Cleo Smith's parents keep vigil at campsite where she went missing

Cleo Smith’s devastated parents keep gut wrenching vigil at the campsite where the four-year-old was likely snatched six days ago – after expert warned her abductor would be virtually unnoticeable

  • Cleo’s parents remain at north-west WA blowhole, which is closed to the public
  • Only her mother and step-father remain at the site other than search workers  
  • Dr Tim Watson-Munro has analysed the minds of the worst criminals for decades
  • He says the monster who likely abducted Cleo Smith would appear ‘very normal’ 

Little Cleo Smith’s parents are keeping a lone gut-wrenching vigil at the campsite where the four-year-old was likely abducted six days ago. 

Cleo vanished from the Blowholes campsite in Carnarvon, on Western Australia’s north-west coast, last Saturday – with detectives now convinced she was abducted by a brazen child predator.

Her mother Ellie Smith and step father Jake Gliddon remain at the isolated coastal camping ground six days later in the desperate hope she may yet turn up.

Police have blocked public access to the tourist attraction, which has been declared a crime scene, meaning only Cleo’s parents and search workers are still left behind at the campsite. 

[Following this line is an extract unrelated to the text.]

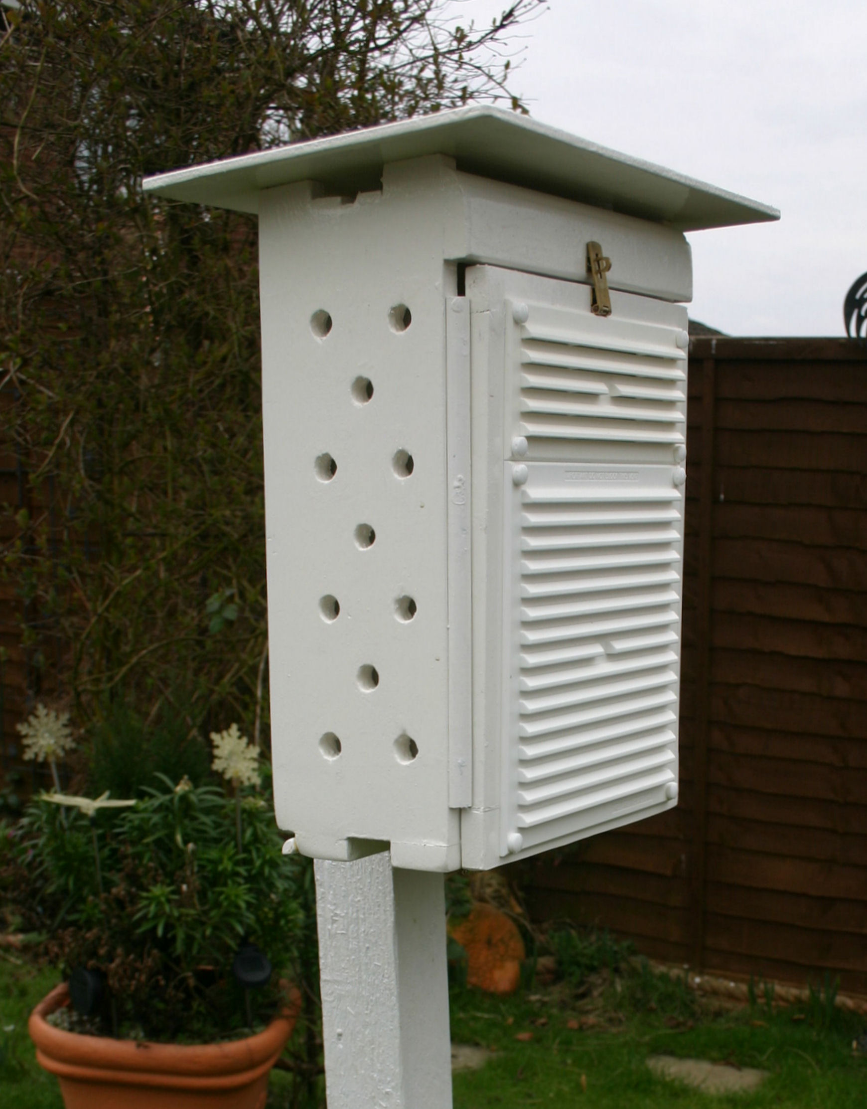 So that all weather boxes match, the outsides are white and they often have slats or louvres so that the air can circulate whilst the rain and direct wind is kept out. They need a double roof and a double floor. The weather box should be placed so that the bulbs of the thermometers (or sensors) are 1.25 meters above the ground.

A criminal psychologist on Thursday told Daily Mail Australia an otherwise unassuming and ‘ordinary’ child abductor could have snatched Cleo from her family tent.  

Cleo Smith was last seen by her parents (pictured with her mum Ellie and partner Jake Gliddon) about 1.30am on Saturday. The couple are still on site at the Blowholes campsite where the youngster went missing, joined only by search workers

Police have conceded Cleo was likely snatched from the tent, given the tent’s zipper was too high for her to open by herself.

A 20sq/km search in every direction from the campsite for Cleo and the red and grey sleeping bag she disappeared with has so far been fruitless.

Criminal psychologist Tim Watson-Munro, who has spent the past four decades analysing the minds of some of the worst criminals of our times: terrorists, mass murderers, sex offenders and torturers of children, said the real danger about these people is how easily they blend in.

‘The problem with a person like this is it could be anyone,’ he said.

‘It’s someone who can blend into a suburban lifestyle, he could be a father, he could be involved in community or sporting clubs.

‘If you met the offender he may appear very normal.

‘This is the danger about these people – their ordinariness. They can blend in very easily and generally they are well presented.’

Ellie Smith and her partner, Jake Gliddon (pictured) fronted the media for the first time on Tuesday after four-year-old Cleo (middle) went missing near the Blowholes campsite north of Carnarvon in Western Australia five days ago

Cleo had been inside a tent with her mother and stepdad but was gone in the morning with the zipper almost completely open

The depraved monster who likely snatched little Cleo Smith (pictured) from her family tent in the dead of night is someone who appears ‘very normal’ and can ‘blend in’ easily, a renowned criminal psychologist has told Daily Mail Australia

Criminal psychologist Tim Watson-Munro (pictured) has spent the past four decades analysing the minds of some of the worst criminals of our times: terrorists, mass murderers, sex offenders and torturers of children

Dr Watson-Munro said the kidnapper is most likely to be a ‘calculated’ man and a textbook psychopath driven by a sickening desire for ‘power and control’.

‘We are talking about someone who is bad but not mad,’ he said.

‘To do something like that without any anxiety suggests they are psychopathic in their disposition because psychopaths have a very high threshold for anxiety.

‘Things that would make a normal person’s blood turn cold doesn’t bother them.’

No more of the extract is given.